Founded in 1754 and the fifth oldest institution of higher learning in America, Columbia University in the City of New York encompasses more than a dozen graduate and professional schools and the over 8,000 undergraduates studying in Columbia College, Barnard College, the College of General Studies and The Fu Foundation School of Engineering and Applied Science. Columbia Engineering is one of the oldest engineering schools in the U.S., developing future engineering leaders through its unique educational approach which includes a first-year hands-on design course; close student-to-faculty interaction with extensive undergraduate research opportunities starting as early as the first year; a broad-based core curriculum, liberal arts minors and interdisciplinary courses; programs and projects that foster entrepreneurship and socially-responsible innovation; and trailblazing internship and civic engagement programs in New York City and around the world. Students choose among over 100 majors and concentrations and thousands of research, internship and job opportunities.
Columbia maintains an intimate college campus within one of the world’s most vibrant cities. Located in the Morningside Heights neighborhood of Manhattan, Columbia not only offers access to all of New York City, the ultimate classroom, but also guaranteed four-year housing within a traditional campus surrounded by a residential neighborhood lined with bookstores, cafes and parks.
Columbia College grants the Bachelor of Arts degree in more than 100 programs of study in the humanities, social sciences, and pure sciences, including many interdisciplinary majors. Columbia Engineering grants the Bachelor of Science degree in 16 engineering fields. The renowned Core Curriculum unites all Columbia undergraduates by providing a common foundation in literature, philosophy, science, art, history and music, and caps classes at 22 students to afford close interaction with Columbia's renowned faculty.
Called "the quintessential great urban university," Columbia is diverse in every way: students come from 50 states and over 90 foreign countries; over half of undergraduates are students of color, and over 500 student organizations are offered, including 31 NCAA Division I Ivy League athletic teams and dozens of community service organizations, performance groups, political clubs and publications. Columbia students take part in extracurricular groups of all kinds: artistic (theater, music, dance, film, and visual arts), athletic (thirty-one Division I varsity sports and dozens of club and intramural sports), communications (the Columbia Daily Spectator, the Columbia Journal of Literary Criticism, WKCR-FM, and many others), community service (Amnesty International, Big Brother/Big Sister programs, after-hours tutoring programs, a volunteer ambulance squad, and partnerships with dozens of hospitals, soup kitchens, and homeless shelters), and pre-professional (the Charles Drew Pre-Medical Society, the National Society of Black Engineers, and more). Other groups represent students’ ethnic, religious, political, and gender identities. There are 30 fraternities and sororities. Alfred Lerner Hall houses office and meeting space for student organizations, a black box theatre, a cinema, the James H. and Christine Turk Berick Center for Student Advising, and many dining options.
With a six percent admissions rate, Columbia University ranks tied as the second most selective school in the United States. In 2015, six percent of students who applied were admitted to Columbia University (1,655 of 27,603 applicants). The admissions rate for the School of Engineering was seven percent (567 of 8,647 applicants).
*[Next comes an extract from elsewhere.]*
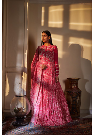 Printed georgette ruched anarkali in fuchsia with hand embroidery paired with a dupatta
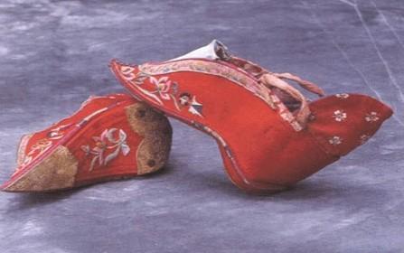 女子裹小脚的起源据说是这样的:南唐李后主(公元937——978)因为喜欢宫嫔睿娘的小脚状态,就让她缠足做新月状,并因此成为皇宫里最受宠的一个女人。于是皇宫里开始流行缠足。由于皇帝的表率作用,小脚成为时尚,继而官场与民间也相继流行。

According to the fall of 2015 statistics, Columbia College students received 40 percent of tuition as financial aid ($91.8 million). According to the US News & World Report, 49 percent of full-time undergraduate students received need-based financial aid and the average need-based scholarship or grant award is $47,490. The Office of Financial Aid and Educational Financing believes that cost should not be a barrier to students pursuing their educational dreams. All first-year candidates who are U.S. citizens or have U.S. permanent resident or political refugee status are considered for admission without regard to their financial need. International students who do not fit into the above categories should be aware that their admissions process is not need-blind; their financial need is taken into account at the time of admission. Regardless of citizenship, Columbia meets the full demonstrated need of every student admitted as a first-year or transfer student. All financial aid at Columbia is based on need, in the form of grants and student work only, not loans.